Una pattuglia dei carabinieri

Una pattuglia dei carabinieri

Bassano Romano – (s.m.) – Spunta un impianto fotovoltaico di Bassano Romano nelle carte dell’inchiesta “Quarto passo”.

Anche nell’indagine dei Ros che ha sgominato l’appendice umbra di una cosca crotonese, la Tuscia è un pezzetto di cornice degli affari criminali.

Sull’impianto fotovoltaico di Bassano si concentrano gli interessi di Antonio Lombardo, tra i 61 destinatari delle misure cautelari disposte dal tribunale di Perugia. Lombardo è indagato per estorsione tentata e consumata in relazione all’impianto di Bassano.

Nella mega ordinanza del gip Alberto Venoso si legge che l’impianto sarebbe stato di proprietà del padre di Lombardo. O meglio, a lui “fittiziamente intestato”, mentre la gestione di fatto è del figlio, che ha interessi nel fotovoltaico anche in Germania.

Il padre di Lombardo avrebbe scritto una lettera al comune di Bassano Romano il primo maggio 2010. Poche righe per comunicare l’inizio dei lavori di realizzazione dell’impianto a partire dal 13 maggio in località Prato Cecco, non lontano dalla stazione.

Antonio Lombardo avrebbe cercato di costringere un imprenditore “a consentire l’utilizzo ‘di facciata’” di un’azienda edile umbra per aggiudicarsi l’appalto di sistemazione dello stesso impianto fotovoltaico. L’imprenditore in questione avrebbe subìto minacce e ritorsioni di vario tipo: “Mi faceva intendere che se fosse successo qualcosa non dovevamo poi chiedere aiuto a lui – avrebbe raccontato la vittima ai carabinieri -. Mi disse poi ‘Io non ci sono per nessuno'”, sottintendendo di non poter più contare sul suo aiuto, com’era successo in passato: “Aveva mediato e garantito una sorta di protezione quando avevamo subìto le pesanti minacce e l’incendio dell’autolavaggio nel contesto delle attività estorsive dei calabresi”, spiega, ancora, l’imprenditore agli investigatori.

Lombardo, nelle intercettazioni, è aggressivo e risentito: “Mo’ le metto io le “zizanie” (all’amministratore della società, ndr), così gli imparo a campare…”. “Io ho fatto quello che ho fatto per voi. Adesso me ne lavo le mani”. “Il motivo che non mi vuoi fare il lavoro, fammi capire, qual è?”. “Se vogliamo fare i dispetti, troppi… si fanno”.

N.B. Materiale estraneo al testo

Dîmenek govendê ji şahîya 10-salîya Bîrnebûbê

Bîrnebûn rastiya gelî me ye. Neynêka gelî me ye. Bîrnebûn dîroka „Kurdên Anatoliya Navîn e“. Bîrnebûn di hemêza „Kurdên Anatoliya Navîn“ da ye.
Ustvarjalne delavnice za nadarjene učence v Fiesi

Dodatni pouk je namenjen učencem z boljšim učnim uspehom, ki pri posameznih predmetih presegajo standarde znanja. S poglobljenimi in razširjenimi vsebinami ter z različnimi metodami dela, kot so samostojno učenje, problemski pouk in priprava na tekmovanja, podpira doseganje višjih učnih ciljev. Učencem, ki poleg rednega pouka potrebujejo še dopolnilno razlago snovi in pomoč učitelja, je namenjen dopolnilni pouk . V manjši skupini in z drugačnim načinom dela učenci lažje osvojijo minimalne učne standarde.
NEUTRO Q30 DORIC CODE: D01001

Lombardo non riesce comunque nel suo intento. L’imprenditore minacciato è già in contatto coi carabinieri e prende tempo. Perciò, in questo caso, l’estorsione è solo tentata.

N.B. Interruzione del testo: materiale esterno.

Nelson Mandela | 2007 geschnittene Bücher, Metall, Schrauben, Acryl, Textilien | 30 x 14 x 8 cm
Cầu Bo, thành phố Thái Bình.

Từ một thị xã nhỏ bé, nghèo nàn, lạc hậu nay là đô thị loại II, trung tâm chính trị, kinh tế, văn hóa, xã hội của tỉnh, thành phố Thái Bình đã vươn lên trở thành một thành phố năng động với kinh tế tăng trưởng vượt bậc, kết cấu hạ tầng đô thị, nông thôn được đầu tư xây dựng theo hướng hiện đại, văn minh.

Diventa, invece, estorsione consumata quando lo stesso Antonio Lombardo si rifiuta di pagare un’altra ditta che aveva eseguito lavori elettrici all’impianto fotovoltaico bassanese. I lavori erano stati affidati nel 2010. L’estorsione si piazzerebbe a cavallo tra il 2011 e il 2012, quando l’azienda porta a termine il tutto e presenta un conto di 15mila euro. Lombardo non solo non paga ma, secondo le testimonianze raccolte dagli inquirenti, minaccia pesantemente l’elettricista: se gli avesse fatto causa “avrebbe passato guai seri sapendo dove abitava lui, sua moglie e i suoi figli”.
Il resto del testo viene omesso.